Automatically redact PII from audio and video with Python

In this tutorial, we’ll learn how to automatically redact Personal Identifiable Information (PII) from audio and video files in 5 minutes using Python and AssemblyAI.

Automatically redact PII from audio and video with Python

Personal Identifiable Information, or PII, is information about an individual that can be linked to that individual in an identifiable manner. How and by whom PII is handled and accessed is regulated by laws such as HIPAA, GDPR, and CCPA.

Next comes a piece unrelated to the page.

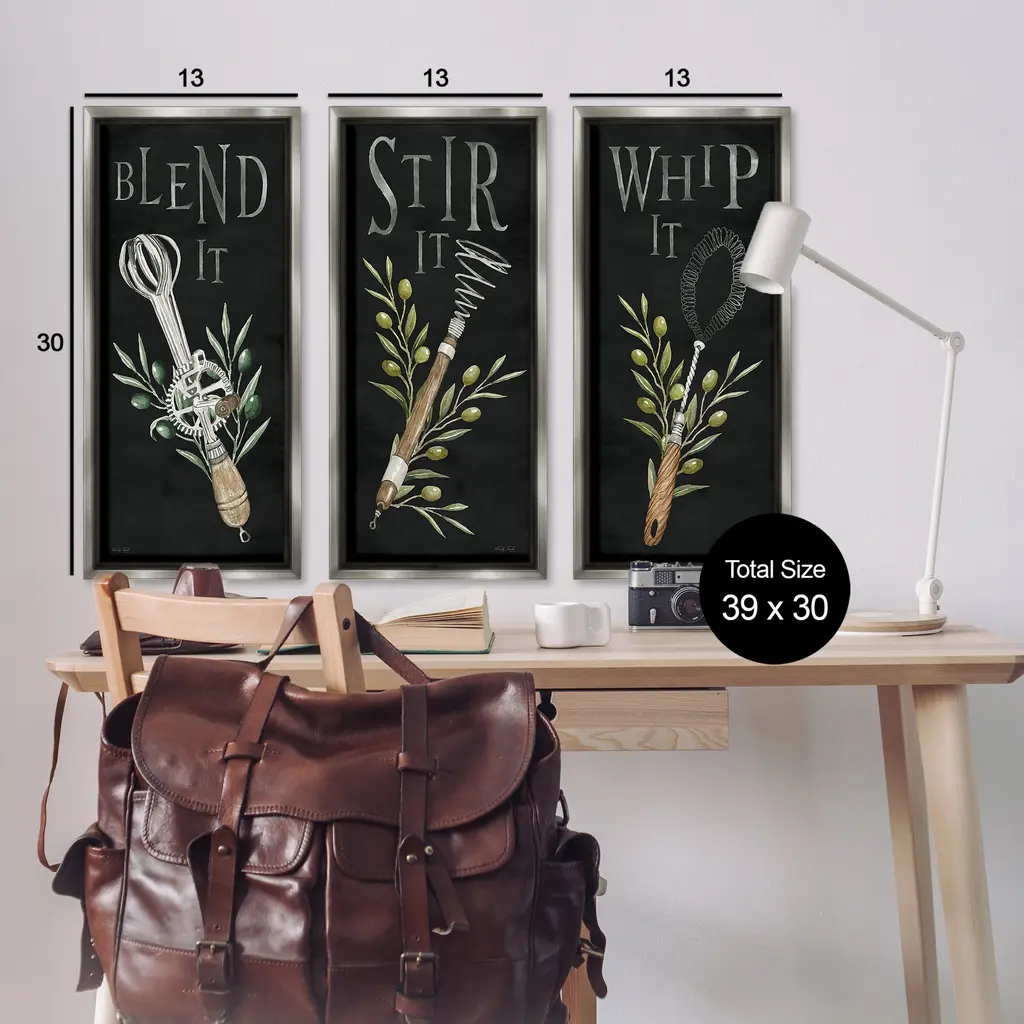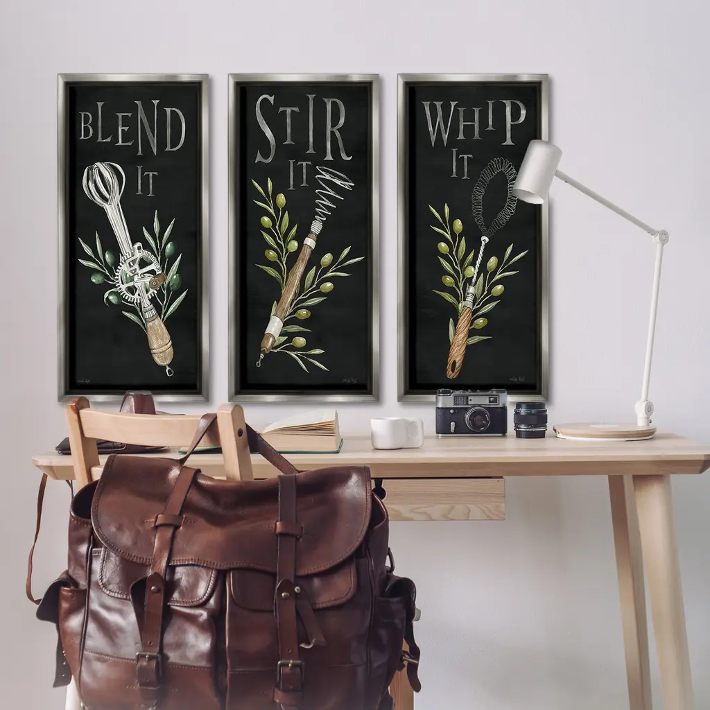 Elevate your home or office to the next level with Stupell Framed Floating Canvas Wall Art. Our premium hand-stretched canvas is mounted securely into a sturdy lightweight frame. The museum-style gap between the wrapped canvas and the box frame gives the illusion of floating artwork. Stupell Wall Art is made in the USA.Features: Dimensions: 3 Piece Set, Each Frame is 11 x 1.7 x 25Three Piece Floating Frame Canvas Products are available as 11"x25" or 14"x31" Panels. All Floating Frame Canvas Products have a 1.7" Depth.Wall Art is Ready to Hang with Hardware Free Hanging. No Installation required. For Easy Set Up Lean or Layer Artwork on Shelf or Against Wall. Artwork is Permently Fixed into the Frame.Our elevated 1.7" Thick Floating Frame is the perfect complement to our canvas style Wall Art. We use only the highest quality inks in house with industry leading printing solutions. Canvas is hand stretched over a durable wood foundation and then mounted securly into a Modern Box Frame. Made in the USA.Artwork Relates To: Kitchen, Utensil, Vintage, Botanical, Plant, Leaf, Blend It, Stir It, Whip ItDesign by Cindy Jacobs

Redacting PII from video or audio files (for example, a doctor/patient visit) is a very common need. Luckily, we can use AI to easily redact PII at scale.

In this tutorial, we’ll learn how to redact a wide range of PII categories, like medical conditions, email addresses, and credit card numbers, from audio and video files as well as their textual transcripts. Here you can see the final redacted transcript we’ll create, as well as the associated redacted audio file:

Good afternoon, MGK design. Hi. I'm looking to have plans drawn up for an addition in my house. Okay, let me have one of our architects return your call. May I have your name, please? My name is ####. ####. And your last name? My last name is #####. Would you spell that for me, please? # # # # # #. Okay, and your telephone number? Area code? ###-###-#### that's ###-###-#### yes, ma'am. Is there a good time to reach you? That's my cell, so he could catch me anytime on that. Okay, great. I'll have him return your call as soon as possible. Great. Thank you very much. You're welcome. Bye.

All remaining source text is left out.